Definition at line 8048 of file parse.c.

void locateRegex ( char *  text,
item_t op,
int  index,
int  size,
int  sso,
int  seo 
)

Locate a regex in a given file.

Function first looks in raw text, then goes for doctored buffer if not found in the file.

Save location using saveRegexLocation()

Parameters
textRaw file to check
opList
indexIndex of regex
sizeSize of file
ssoMatch start
seoMatch end

Definition at line 9012 of file parse.c.

char * lpplVersion ( char *  filetext,
int  size,
int  isML,
int  isPS 
)

Check for LPPL versions.

Parameters
filetextFile content
sizeFile size
isMLFile is HTML/XML
isPSFile is PostScript
Returns
Return license shortname

Definition at line 7798 of file parse.c.

char * mplNplVersion ( char *  filetext,
int  size,
int  isML,
int  isPS 
)

Check for MPL|NPL versions.

Parameters
filetextFile content
sizeFile size
isMLFile is HTML/XML
isPSFile is PostScript
Returns
Return license shortname

Definition at line 7456 of file parse.c.

char * oslVersion ( char *  filetext,
int  size,
int  isML,
int  isPS 
)

Check for OSL versions.

Parameters
filetextFile content
sizeFile size
isMLFile is HTML/XML
isPSFile is PostScript
Returns
Return license shortname

Definition at line 7718 of file parse.c.

char* parseLicenses ( char *  filetext,
int  size,
scanres_t scp,
int  isML,
int  isPS 
)

Parse a file to check all the possible licenses and add them to matches.

The function calls fileHasPatt() if the file contains a pattern defined in STRINGS.in.
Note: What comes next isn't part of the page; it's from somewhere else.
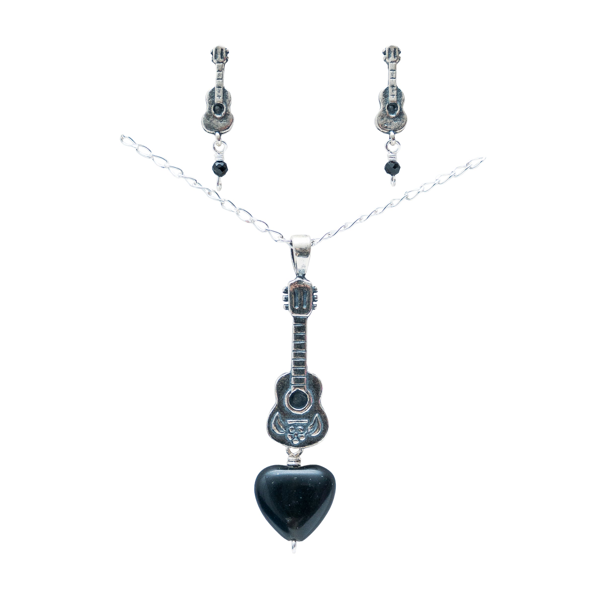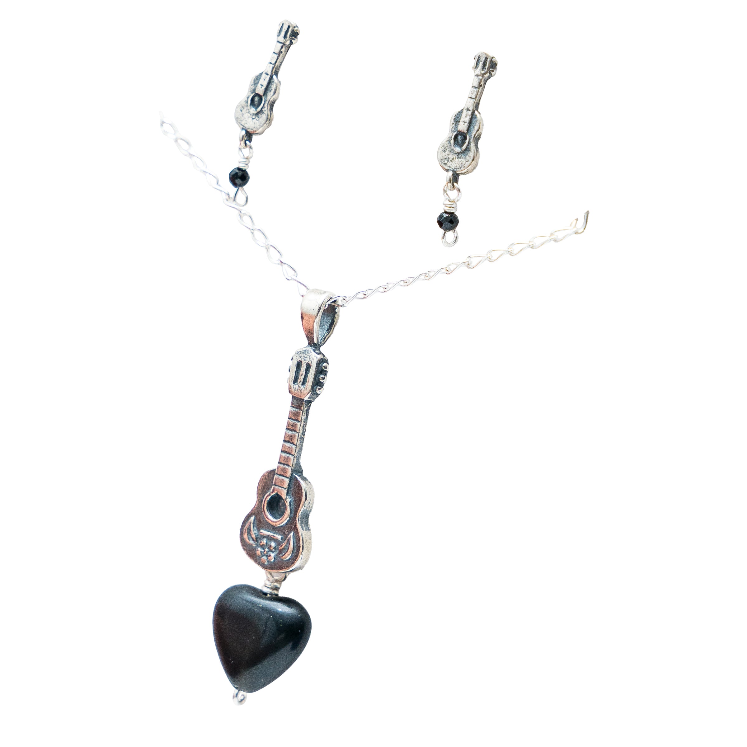 Aretes de poste guitarra mini con ónix engarzada y Dije de Guitarra con corazón de ónix engarzado.

If a match is found, then it can call idxGrep_recordIndex() to check if the file has some additional text and finally adds the license using addRef(). The results found are also stored in licStr as a comma separated list.
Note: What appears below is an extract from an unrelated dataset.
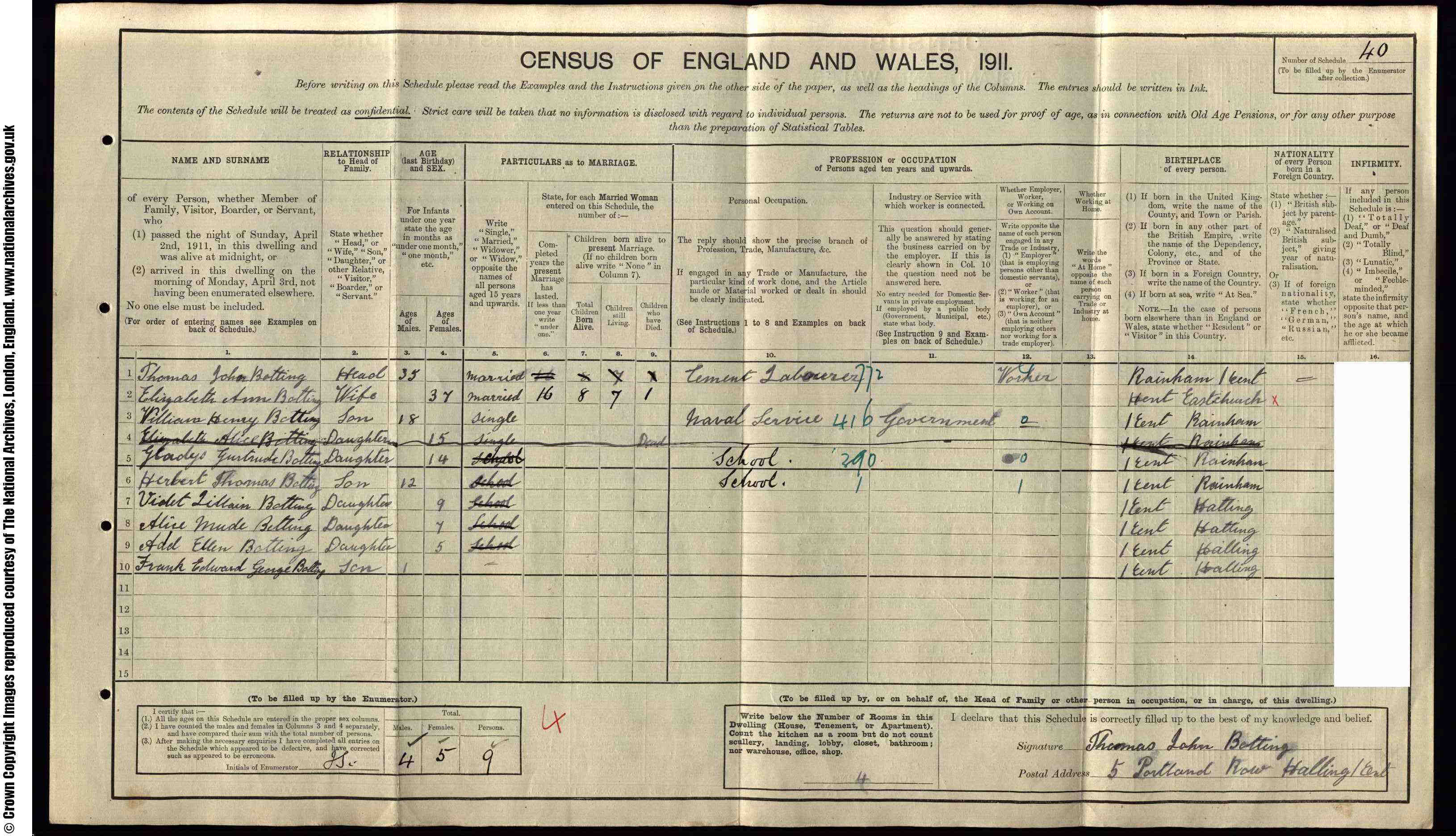 • Lived at: 5 Portland Row, 1911, Halling, Kent.

The function first check if a file contains an interesting string which can denote a license. If it is found then the heuristics are done in detail to find the exact license match. For more info please refer to nomos wiki

Parameters
filetextFile content
sizeFile size
[out]scpScan results
isMLSource is HTML/XML
isPSSource is PostScript
Returns
Next index in licStr

Definition at line 371 of file parse.c.

char * pythonVersion ( char *  filetext,
int  size,
int  isML,
int  isPS 
)

Check for python versions.

Parameters
filetextFile content
sizeFile size
isMLFile is HTML/XML
isPSFile is PostScript
Returns
Return license shortname

Definition at line 7623 of file parse.c.

char * realVersion ( char *  filetext,
int  size,
int  isML,
int  isPS,
int  ref 
)
static

Check for RPSL versions.

Parameters
filetextFile content
sizeFile size
isMLFile is HTML/XML
isPSFile is PostScript
Returns
Return license shortname

Definition at line 7573 of file parse.c.

void saveRegexLocation ( int  index,
int  offset,
int  length,
int  saveCache 
)

Save a regex in whereList.

Parameters
indexIndex of the regex
offsetRegex match start
lengthRegex match length
saveCacheSet YES to save in whChacheList

Definition at line 9293 of file parse.c.

char * sisslVersion ( char *  filetext,
int  size,
int  isML,
int  isPS 
)
static

Check for SISSL versions.

Parameters
filetextFile content
sizeFile size
isMLFile is HTML/XML
isPSFile is PostScript
Returns
Return SISSL license shortname

Definition at line 7245 of file parse.c.

void spdxReference ( char *  filetext,
int  size,
int  isML,
int  isPS 
)

SPDX license references

Note that many license references have been detected earlier:

  • BSD, CNRI-Python, Intel and MIT variants,
  • CC_BY_SA, CECILL, MPL, ZPL, AGPL, GPL and LGPL versions
  • ICU, TCL

Definition at line 10296 of file parse.c.

Variable Documentation

struct { ... } kludge

Regex match related data

int lDebug = 0
static

set this to non-zero for more debugging

Definition at line 191 of file parse.c.

int lDiags = 0
static

set this to non-zero for printing diagnostics

Definition at line 192 of file parse.c.

char licStr[myBUFSIZ]
static

Detected licenses are stored here in a form ',BSD,MIT' etc

Definition at line 176 of file parse.c.

char ltsr[NFOOTPRINTS]
static

License Text Search Results, a bytemask for each possible match string

Definition at line 178 of file parse.c.

int pd
static

Flag for whether we've checked for a public domain "license"

Definition at line 187 of file parse.c.